The pollen transcriptome was analyzed using Affymetrix Arabidopsis 8K GeneChip arrays harboring probe sets for 7,792 annotated genes (Institute for Genomic Research, 2002). Of these, 992 genes gave positive hybridization signals in pollen. Taking into account that the proportion of genes embedded on the 8K microarray is approximately 28%, we estimate the total number of pollen-expressed genes in Arabidopsis to be over 3,500. According to the criteria given, 39% of pollen-expressed genes were considered pollen specific. Although there were minor differences in the growth conditions of plants used for gametophytic and sporophytic samples, given the wide variety of developmental stages and the timing of sample collection, their comparison with pollen is unlikely to account for much of the variation of gene expression between pollen and sporophytic tissues. Therefore, we estimate the total number of genes preferentially or specifically expressed in Arabidopsis to be more than 1,400. On the contrary, a significantly lower percentage (3% and 14%, respectively) of mRNAs uniquely expressed in epidermal and mesophyll cells was reported (Brandt et al., 2002). This degree of cell-specific expression is likely to be severely overestimated because it does not take into account a number of other cell types that make up the sporophyte.
The fact that 1 in 20 Arabidopsis genes is preferentially or specifically active in pollen highlights the evolution and potential importance of transcriptional regulatory mechanisms that operate to specify gametophytic gene expression. Previous functional studies have defined multiple cis-regulatory elements involved in such transcriptional regulation in several species (for review, see Twell, 2002). Microarray data in a single species now provide the opportunity to use bioinformatic approaches to accelerate the identification of conserved regulatory elements that regulate pollen-specific expression.
We propose that 1,400 pollen-specific genes represent an ample pool for selection for pollen fitness at microgametophytic level as suggested by Mulcahy et al. (1996). On the contrary, the observed 61% gametophytic-sporophytic overlap provides the potential to improve the fitness of the sporophytic generation through gametophytic competition and selection. Our results strongly support the extent of gametophytic-sporophytic overlap previously estimated from isozyme and hybridization kinetic studies. There was 72% overlap for isozyme profiles in maize (Sari-Gorla et al., 1986) and 60% in barley (Pedersen et al., 1987) and tomato (Tanksley et al., 1981). Similarly, hybridization kinetic studies in T. paludosa (Willing and Mascarenhas, 1984) and maize (Willing et al., 1988) estimated that 65% of pollen-expressed transcripts were also present in roots. Here, the identity and relative expression levels of 605 genes that show gametophytic-sporophytic overlap are reported.

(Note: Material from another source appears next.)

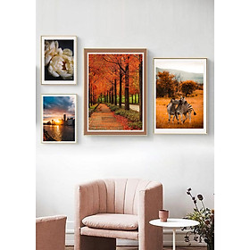 Bộ tranh gồm 04 tranh, chất liệu in PP theo tiêu chuẩn artwork công nghệ Hàn Quốc
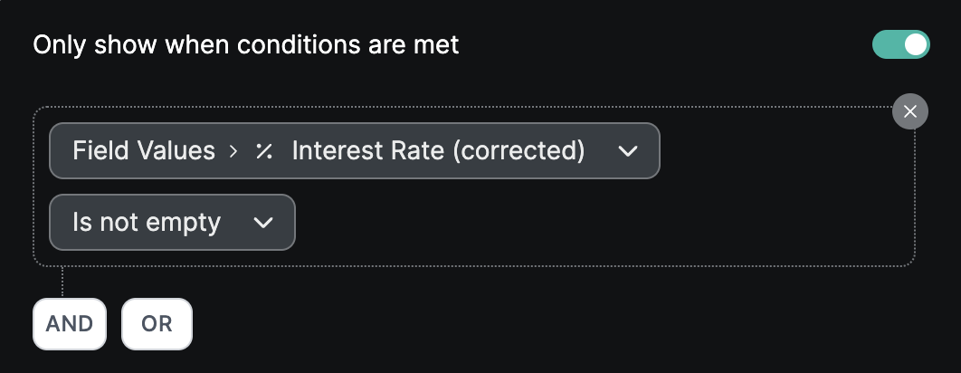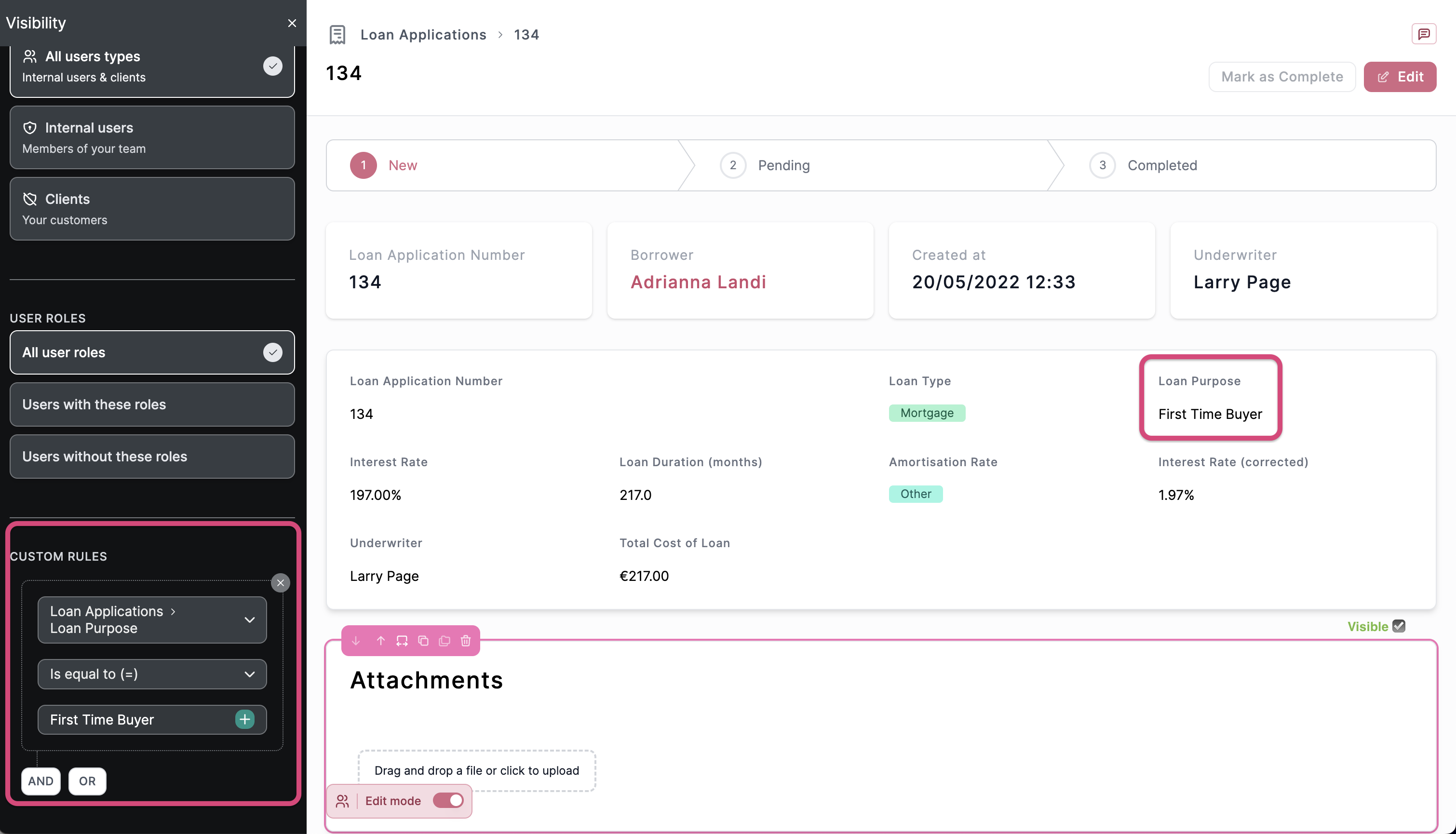 On a record page, you can access the visibility settings for any component on the page. In the below screenshot example, a custom rule was setup to only display the Attachments block if the Loan purpose was 'First Time Buyer'.

There were significant differences between estimates for the number of pollen-expressed genes in Arabidopsis based on microarray data and previous estimates based on mRNA reassociation kinetics in T. paludosa and maize (Willing and Mascarenhas, 1984). Although our data are likely to be minimum estimates that would lead to the underestimation of very low-abundance transcripts, we suggest that 20,000 pollen-expressed genes may be a significant overestimation. Despite a large difference in genome size, the total number of genes in rice is estimated to be only 1.2- to 1.9-fold larger than in Arabidopsis (Goff et al., 2002). We suggest that it is unlikely that T. paludosa and maize pollen will express 5- to 6-fold more genes than Arabidopsis.

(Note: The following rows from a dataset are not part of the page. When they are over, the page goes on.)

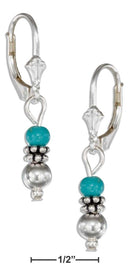 Sterling Silver Earrings: Ornate Silver And Simulated Turquoise Bead Earrings On Leverbacks
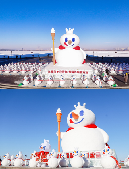 繼去年蜜雪冰城在哈爾濱安排了雪雕版的雪王方陣之后,今年雪王卷土重來,繼續(xù)在哈爾濱開疆拓土,拓展自己的冰雪勢力,直接將城市爆改成蜜雪「濱」城。
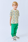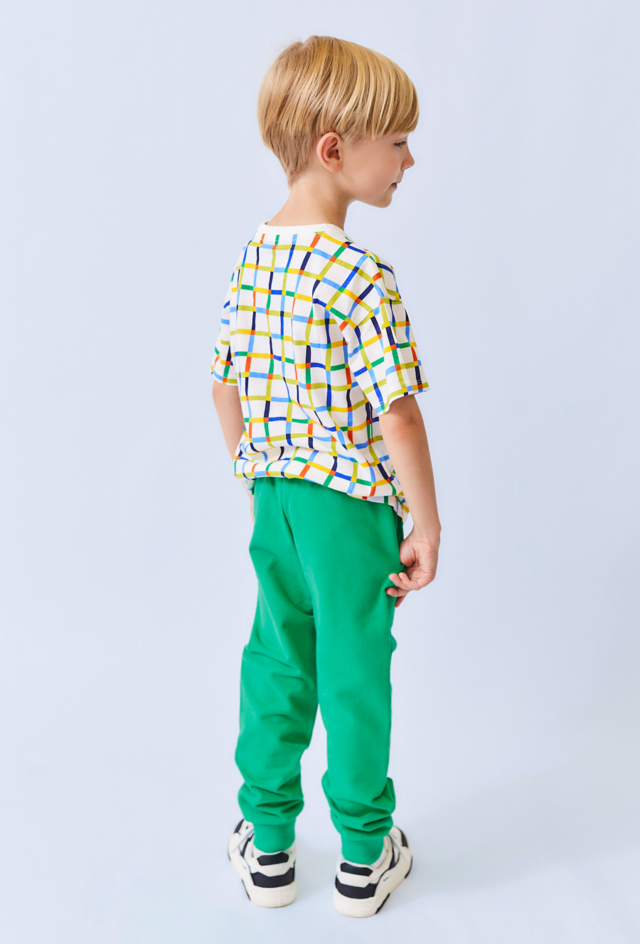 Koszulka chłopięca oversize w kratkę – 100% bawełna, ecru.
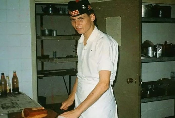 Fotografiado durante el tiempo que fue chef en el ejército. Quizás ahí fue donde aprendió a cortar bien la carne, ya que solía descuartizar a sus víctimas para quemarlas en una hoguera o tirarlas por el inodoro.
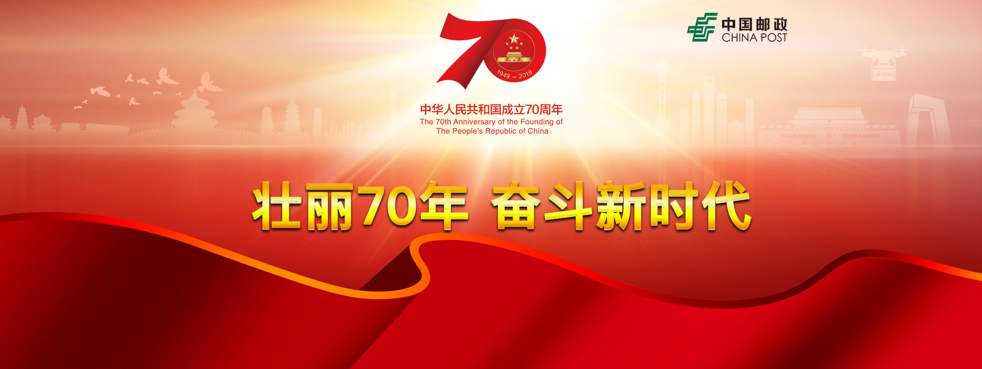 2019年,我們迎來了中華人民共和國70華誕。70年來,在中國共產黨的領導下,中國人民自力更生、艱苦奮斗,創造了舉世矚目的中國奇跡。70年來,中國郵政始終堅持黨的領導,秉承“人民郵政為人民”的服務宗旨,開拓創新,銳意進取,取得了輝煌的發展成就。
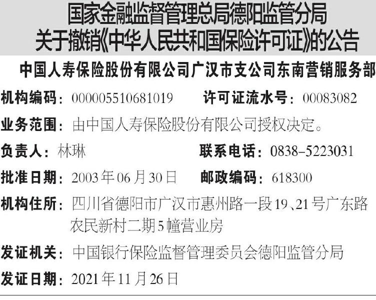 ·国家金融监督管理总局德阳监管分局关于撤销《中华人民共和国保险许可证》的公告
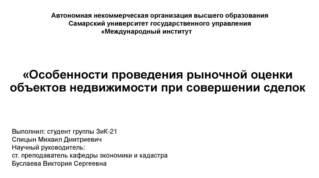 1. «Особенности проведения рыночной оценки объектов недвижимости при совершении сделок
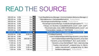 • Shows codeexecution time and GC allocations
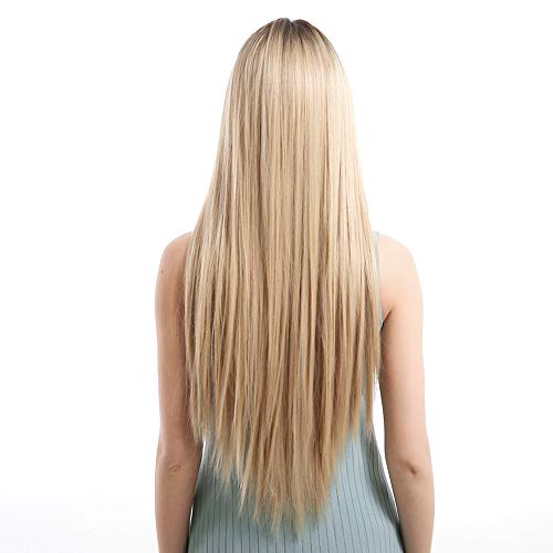 Parrucca diritta bionda, parrucca in pizzo sintetico per capelli ad alta temperatura in fibra ad alta temperatura, buona traspirabilità Radici scure Scoppi Lunga parrucca in seta bionda per donna

Our results demonstrated reduced complexity of the pollen transcriptome compared with the sporophyte that was associated with the expression of a greater number of abundant mRNAs. This is in accord with previous findings in T. paludosa and maize (Willing and Mascarenhas, 1984). These observations are consistent with the limited, but highly specialized activities of mature pollen grains that are prepared for rapid germination and pollen tube growth (see Mascarenhas, 1990; Taylor and Hepler, 1997). Mature pollen is charged with mRNA and proteins in preparation for extensive cell wall synthesis and the establishment of a prominent actin-rich cytoskeleton. Although comparable transcriptome data are not available for other differentiated plant cell types, there could be similar requirements for abundant mRNAs sets in rapidly growing cells such as root hairs.
We demonstrated the pollen-specific expression of discrete subsets of genes within several gene families. The pollen-specific expression of specific members of gene families, such as those encoding cytoskeletal proteins and proteins involved in carbohydrate metabolism, could influence pollen fitness through regulatory and/or functional specialization.

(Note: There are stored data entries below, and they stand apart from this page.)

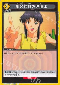 このデッキのエースカードです。2AP必要ですが、登場時にアクティブになり、相手のキャラをレストにするか、自分と相手のキャラを退場させるかを選択できます。自分のキャラを退場させた場合でも、次に使用するキャラの消費APが軽減されるので、実質自分のキャラは減っていません。退場時効果を持つ<0/1 綾波レイ>や<4/1綾波レイ>と組み合わせると、さらに強力です。<3/1葛城 ミサト>の効果で登場させた場合は、自身のアクティブ化と登場時のレスト効果で、最大2体分のアタックを止めることができるのも非常に優秀です。
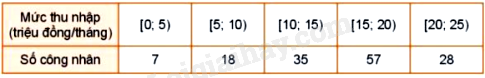 Cho mẫu số liệu ghép nhóm về thu thập của các công nhân tại một doanh nghiệp lớn:
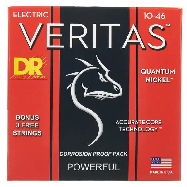 VTE-10 Veritas är ett komplett set strängar till elgitarr i tjockleken 10 till 46. VTE-10 är gjorda med en rund kärntråd, som är lackerad med en speciell blandning och därefter lindad med en Quantum nickeltråd. Lackeringen håller den lindade tråden på plats och skyddar kärnan mot korrosion. Resultatet är en sträng, som håller tonen och intonationen längre än konventionella strängar.
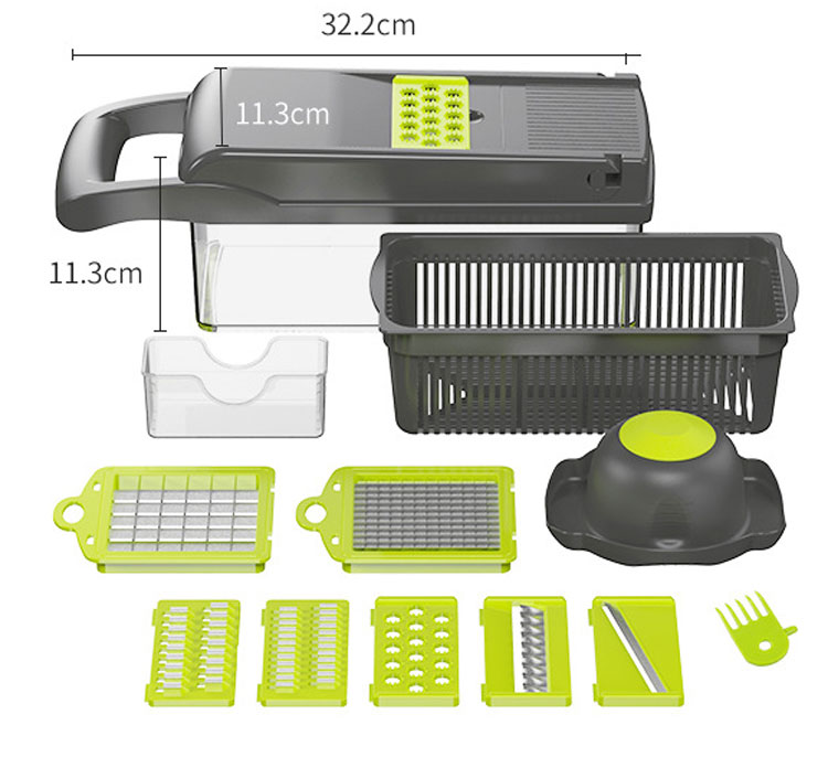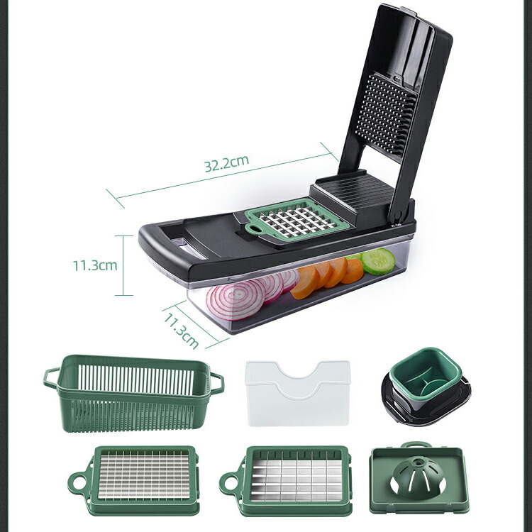 【グレー ブルー グリーン】15点セット:薄切り/千切り/太切り/大きな角切り/小さな角切り/卵白分離器/切り花/ニンニク磨き/ハンドホルダー/排水バスケット/収納ボックス/押圧器/本体/ブレード収納/クリーンブラシ

For the RLK gene family, microarray data demonstrated pollen-specific expression not only of individual genes, but also for several RLK subfamilies. In total, 21 of 23 pollen-expressed RLK genes were only detected in pollen, suggesting multiple and specialized roles in pollen functions. Our description of 23 pollen-expressed receptor-like protein kinases extends data recently published on this gene family (Kim et al., 2002) and confirms the reported pollen-specific expression of AtPRKc (At07040) and AtPRKd (At5g35390). For two other pollen RLKs named in this article, AtPRKg (At2g26730) was not detected and AtPRKh (At1g48480) was detected only in sporophytic tissues. The significance of RLKs for pollen function was recently highlighted in a study showing interaction of the essential tomato pollen-specific LAT52 protein with the extracellular domain of the pollen-specific receptor kinase LePRK2 (Tang et al., 2002).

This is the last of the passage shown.